I was traveling home last evening with a friend from Las Vegas, Nevada. We had both been attending a convention not related to real estate but to a medical technology company called NuCerity.
I make it a habit to attending conferences that don’t necessarily pertain to real estate for the purposes seeing how other organizations communicate with clients and customers.
As we traveled home at 11pm, our conversation turned to the current state of real estate in Arizona. We are both in the property management, and bother are brokers of our companies.
We both agree that there is going to be another wave of foreclosures in the residential market and then there will also be a round in the commercial foreclosures.
An interesting point that was brought up are these broker opinions of values that banks are having done. These real estate broker doing these opinions of value are not real estate appraiser, they have no training in establishing a value for a property, they are only entitled to give an opinion of value.

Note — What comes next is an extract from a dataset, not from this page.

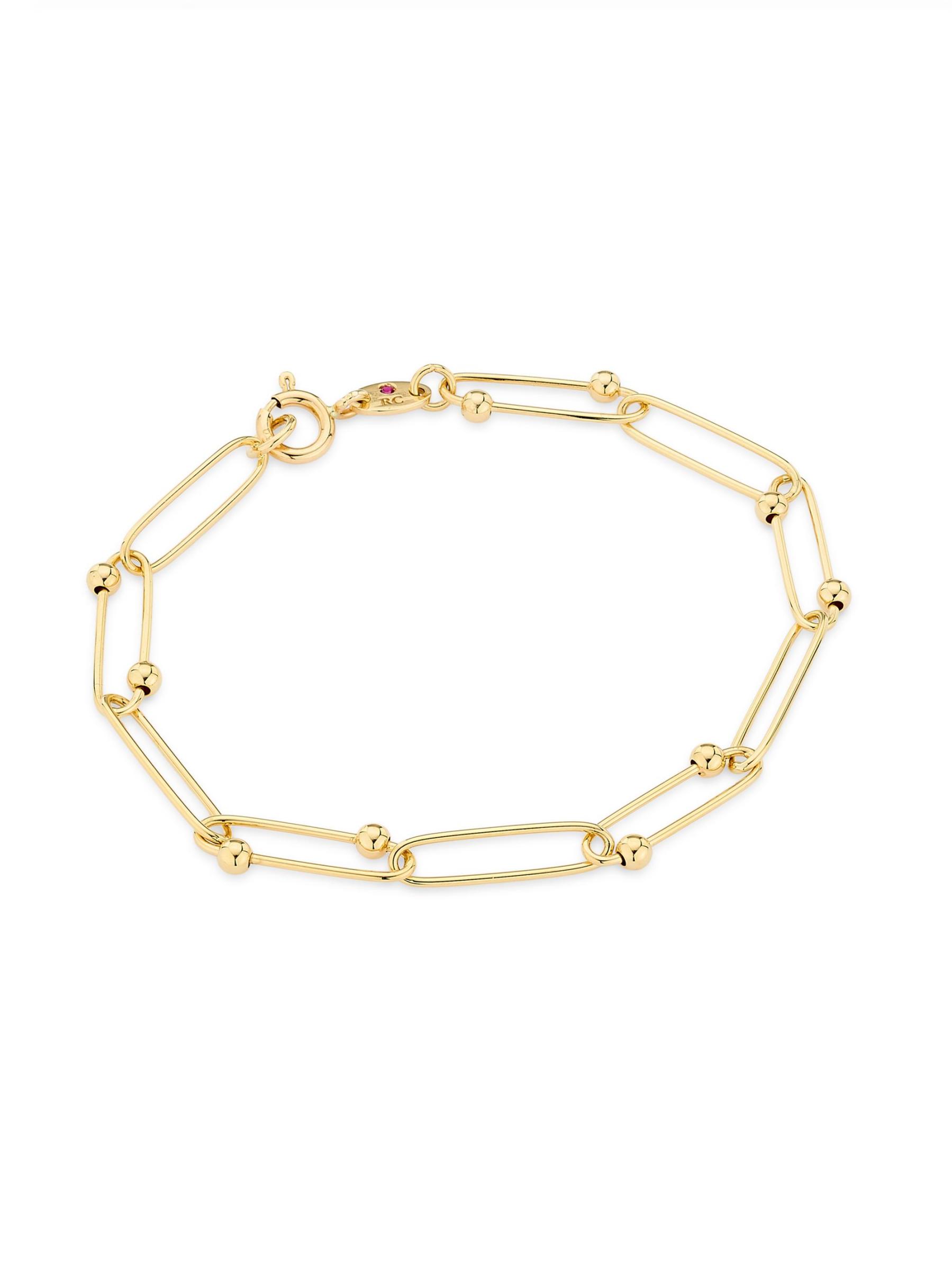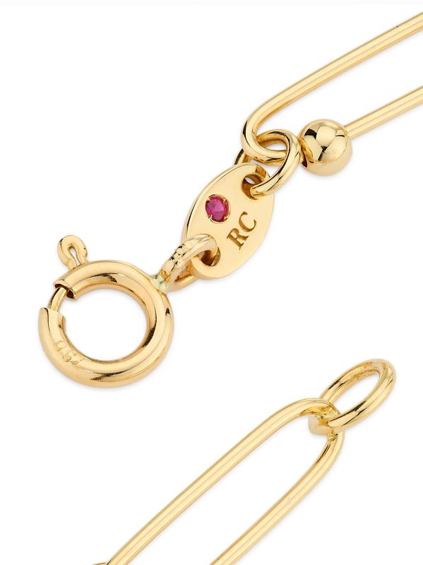 من مجموعة الكنوز الصغيرة. سوار روبرتو كوين ذو السلسلة الكروية هذا مصنوع من الذهب الأصفر المصقول عيار 18 قيراطًا. يقوم مصمم المجوهرات الشهير بتوقيع كل قطعة بحجر ياقوتي واحد يوضع في مكان مخفي.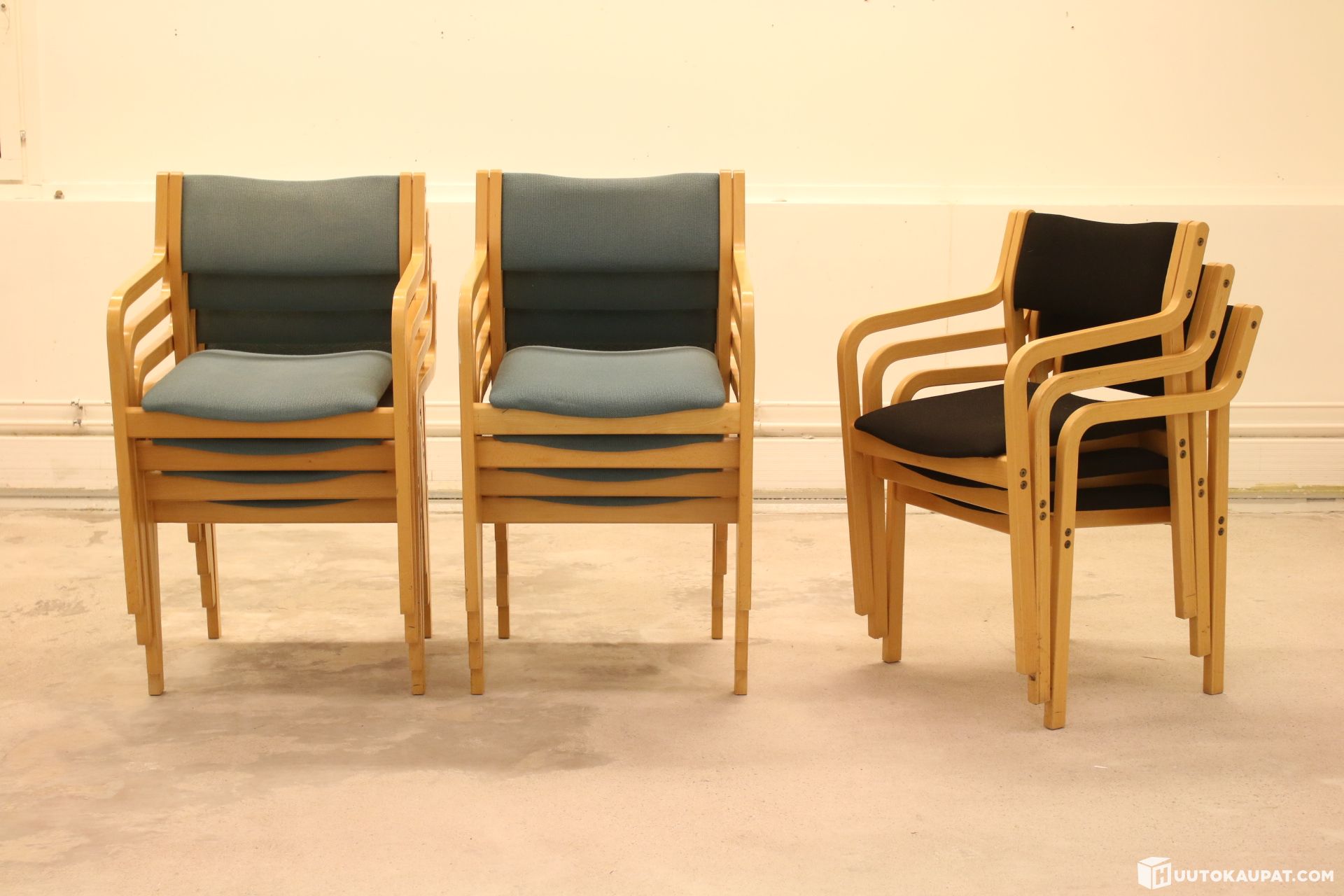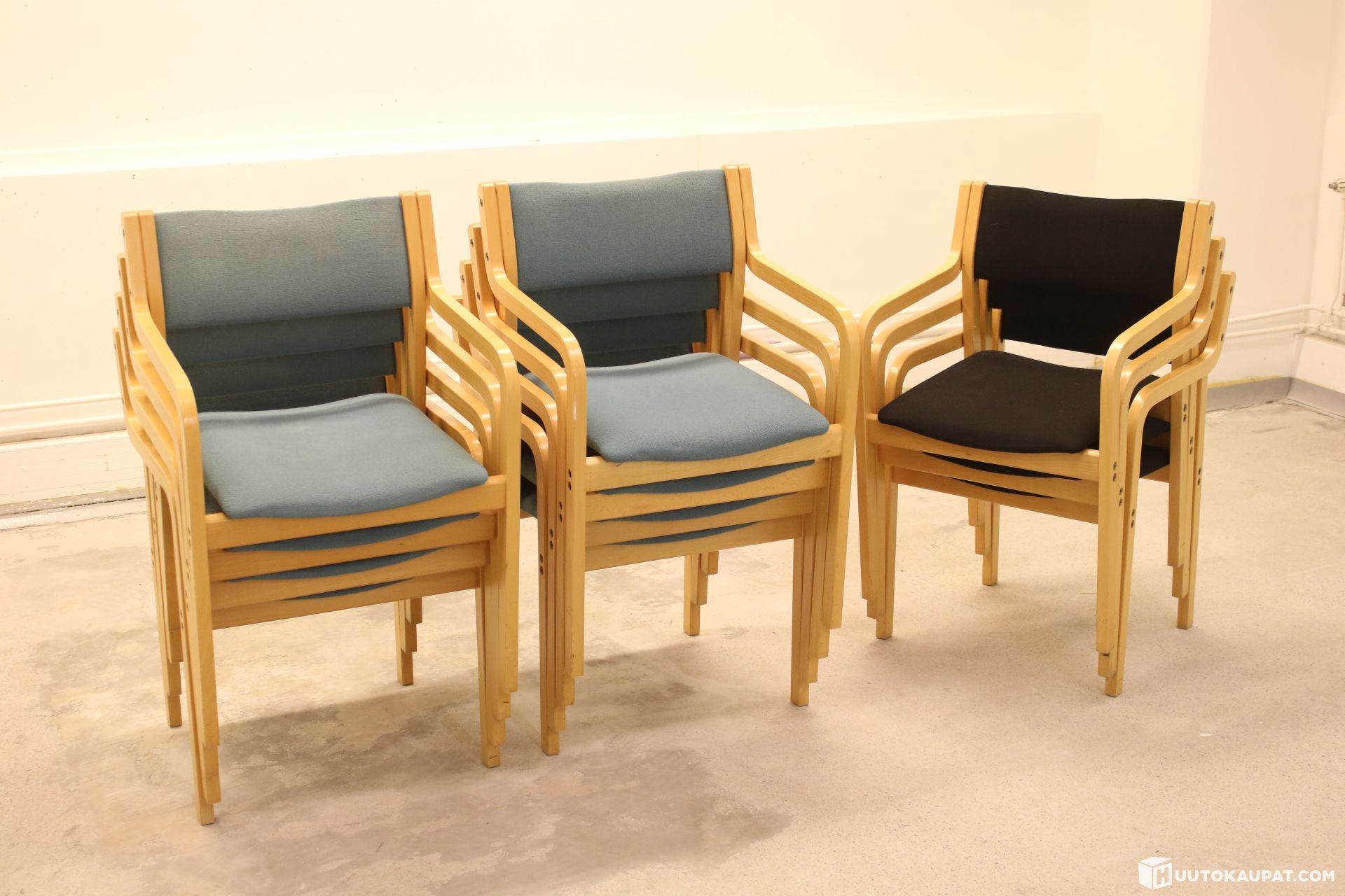 11 kappaletta Martelan klassikko tuoleja. Malli: Kari. Kahdeksan kappaletta sinisiä ja kolme kappaletta mustia tuoleja.

The problem with these opinions of value are that the brokers are using distressed property to determine a value for another distress property. This cause downward pressure on the housing market drive down property values even further.
These brokers have never been in the comparable, distressed property and they don”t know the condition of the property, their assumption is always that it was in better condition than the one they are looking at.
The other problem with these opinions of value is that the brokers are only focusing on what is wrong with the property, they are also determining what it will cost to make repairs. Again the problem that arises is that these brokers aren’t licensed contractors and have no idea of the true cost to make repairs.
These broker opinions of value are bad for the the real estate business and they are driving down the price of your home.